We also used GSEA to analyze the differential gene expression between the high-risk group and the low-risk group. Consistent with the results of WGCNA, the biological processes or pathways enriched in the high-risk group were mostly involved in tumor invasion and progression. For example, activation of the transcription factor STAT3 has been widely reported in various tumors, including CRC (Bollrath et al., 2009). Phosphorylation and nuclear translocation of STAT3 drive transcription of genes involved in cell-cycle regulation, cell survival, cell migration, ultimately promoting invasion and metastasis of tumors (Yu et al., 2014).

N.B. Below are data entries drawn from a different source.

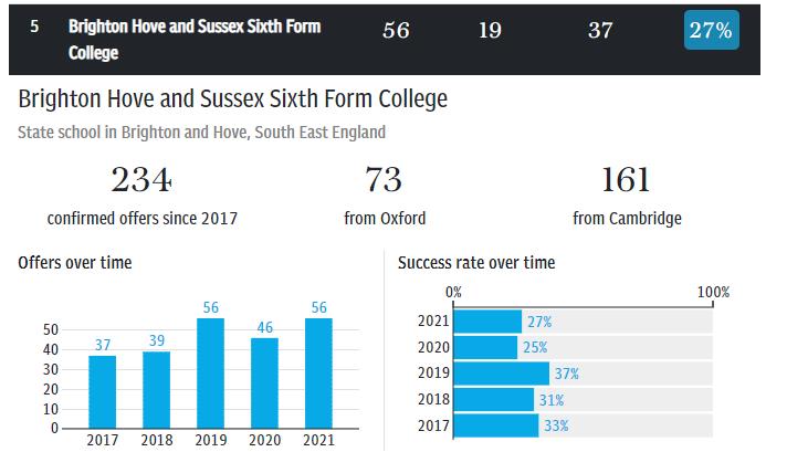 2021年,该校总共收到了56份来自牛剑的offer,其中,牛津19份,剑桥37份,录取率27%。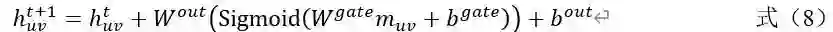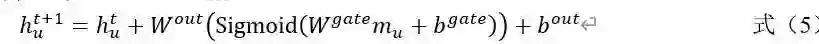 上述为非线性变化的权值和偏差,激活函数为ReLU。 最后通过连接门控单元转换原子特征。如公式(5)所示。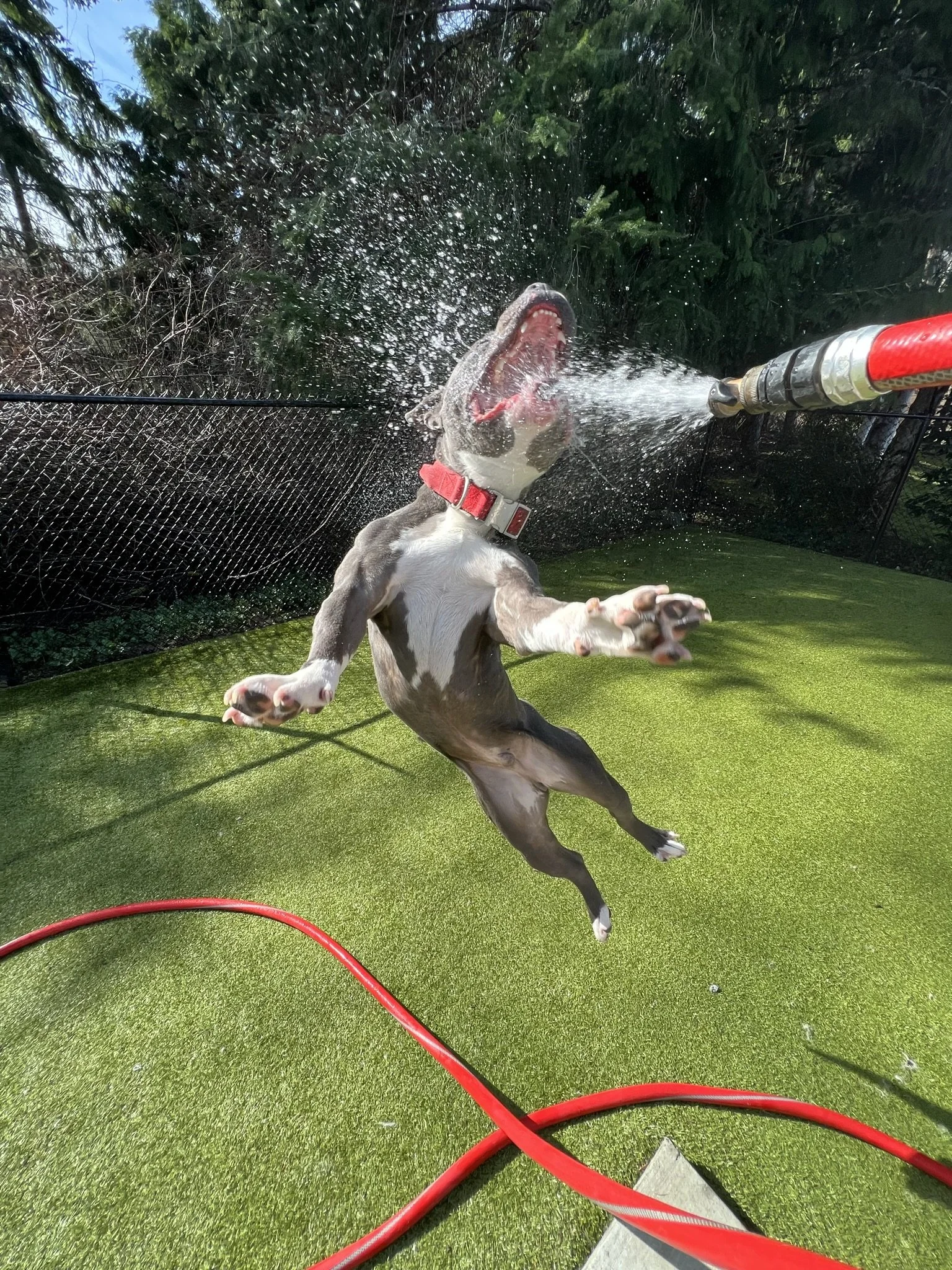 In the summer we always have our pet pools, sun shade and mister spray out in our play yard to keep our pets cool while in daycare.
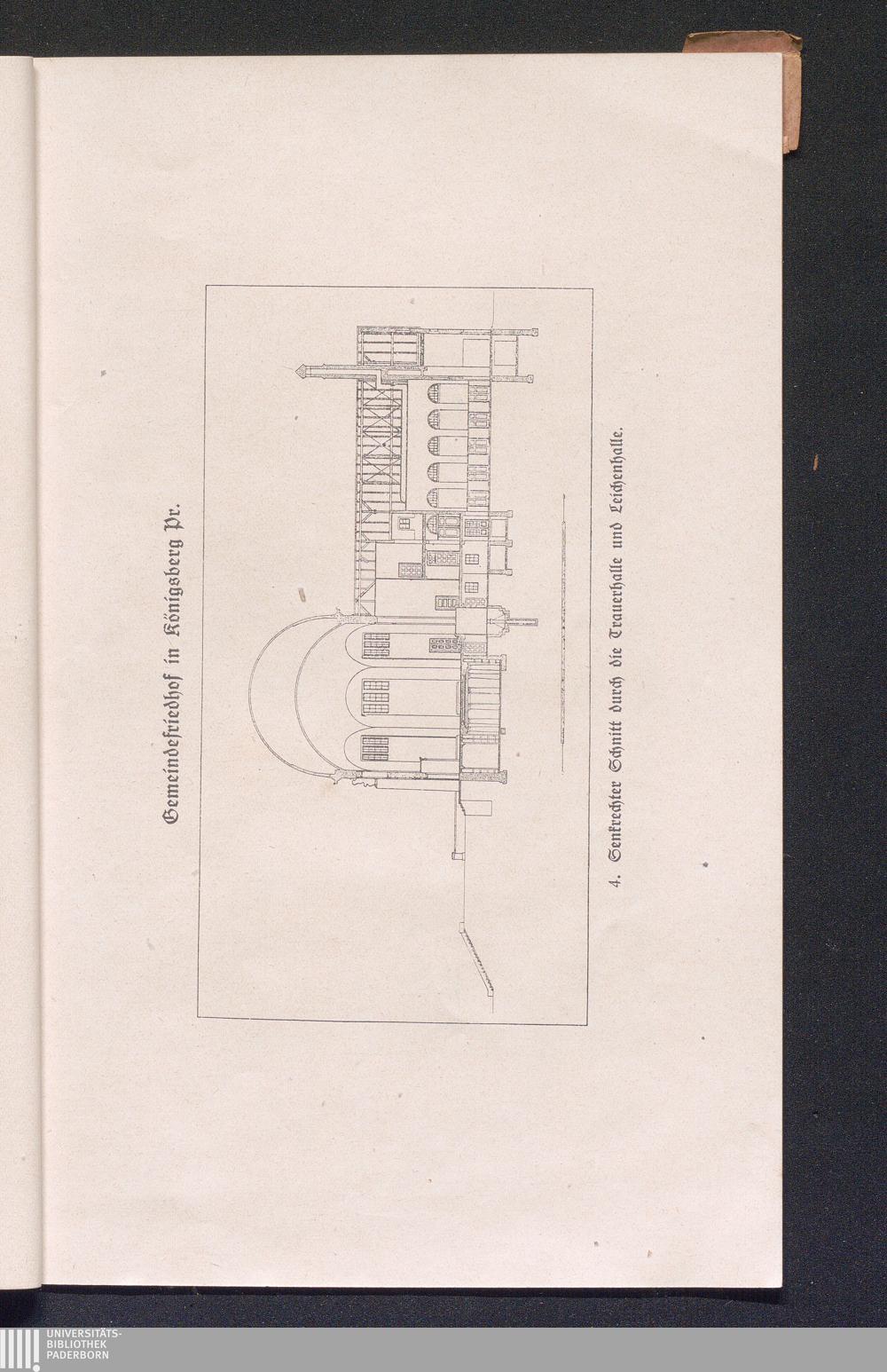 4. Senkrechter Schnitt durch die Trauerhalle und Leichenhalle.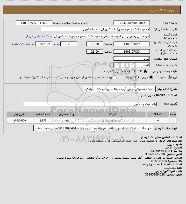 نام دستگاه خریدار:جمعیت هلال احمر جمهوری اسلامی ایران استان قزوین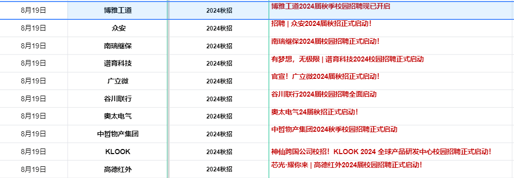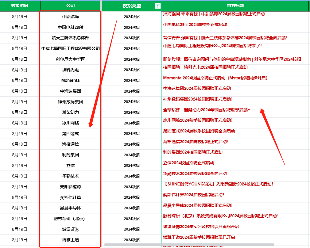 截止目前:已有546家企业正式发布秋招公告,部分网申将于8月31日截止。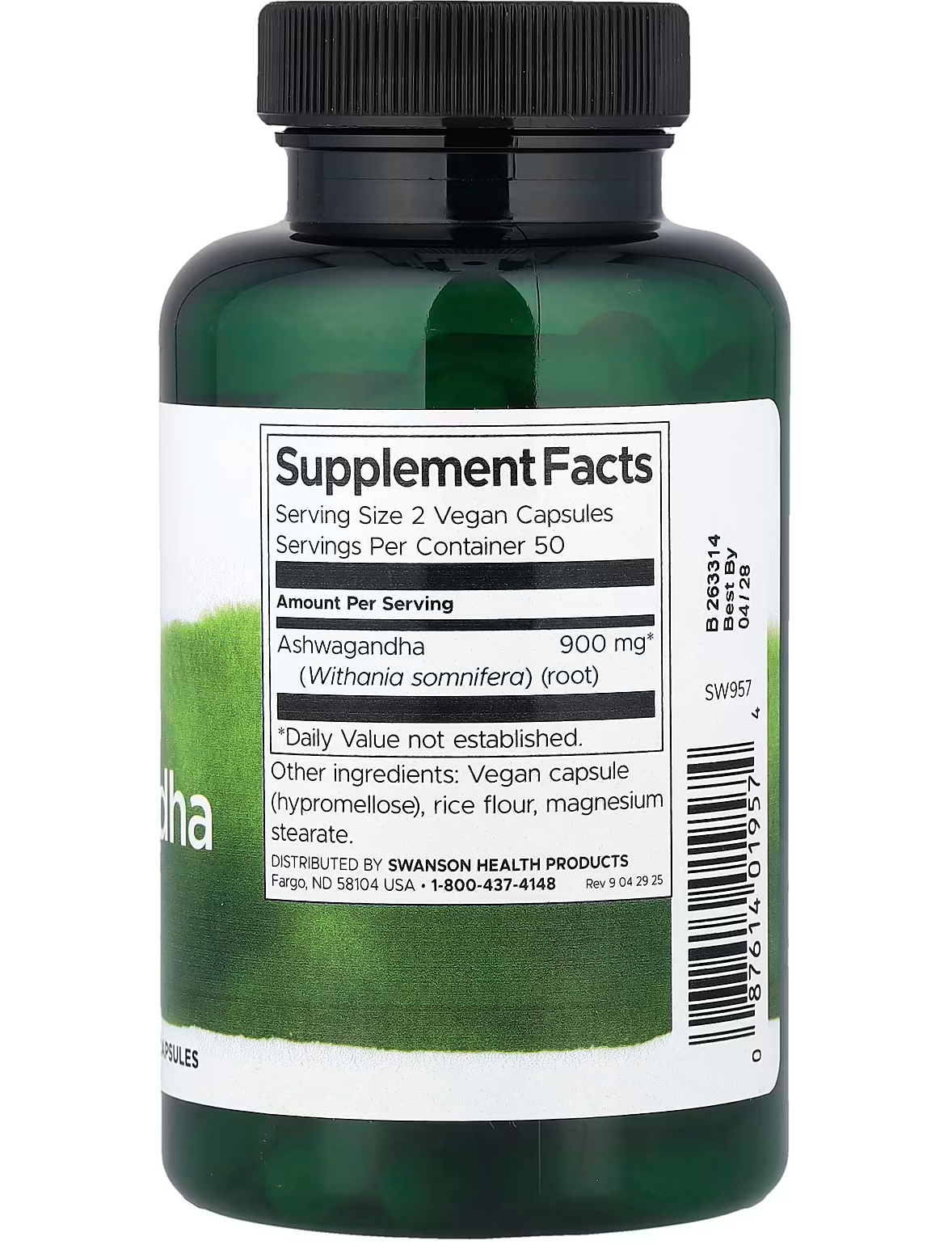- Кількість в 1 порції: Ашваганда (Withania somnifera) (корінь) 900 мг

Numerous studies have revealed that the features of tumor-infiltrating immune cells (TIICs) are closely correlated with the development and progression of cancer (Grivennikov et al., 2010; Steidl et al., 2010; Li et al., 2011). Understanding the landscape of the TIICs could help in finding new strategies to treat CRC. In our report, there were obvious differences in tumor immune cell composition between high-risk and low-risk groups. Notably, some immunosuppressive cells (MDSCs, regulatory T cells, immature dendritic cells), which might favor tumor growth (Jia et al., 2018), were more enriched in the high-risk group. Besides, the proportion of TAMs was significantly higher in the high-risk group than in the low-risk group. TAM infiltration is an independent prognostic risk factor for several kinds of cancer, including CRC (Steidl et al., 2010; Herrera et al., 2013; Waniczek et al., 2017; Ye et al., 2019). Accordingly, the expression of several common ICPs was higher in the high-risk group, further revealing that the high-risk group was characteristics of immunosuppression.

The efficacy of every single biomarker is inadequate. To further enhance the potential clinical application of this risk model, we established a nomogram. Nomogram combined multiple risk factors (nine-gene signature, age, T stage and distant metastatic) and constructed a simple statistical prediction model. Time-dependent ROC and calibration curve both showed that the predicted survival rate was close to the actual situation. Our nomogram might serve as an excellent predictive model in the prognosis assessment of CRC patients.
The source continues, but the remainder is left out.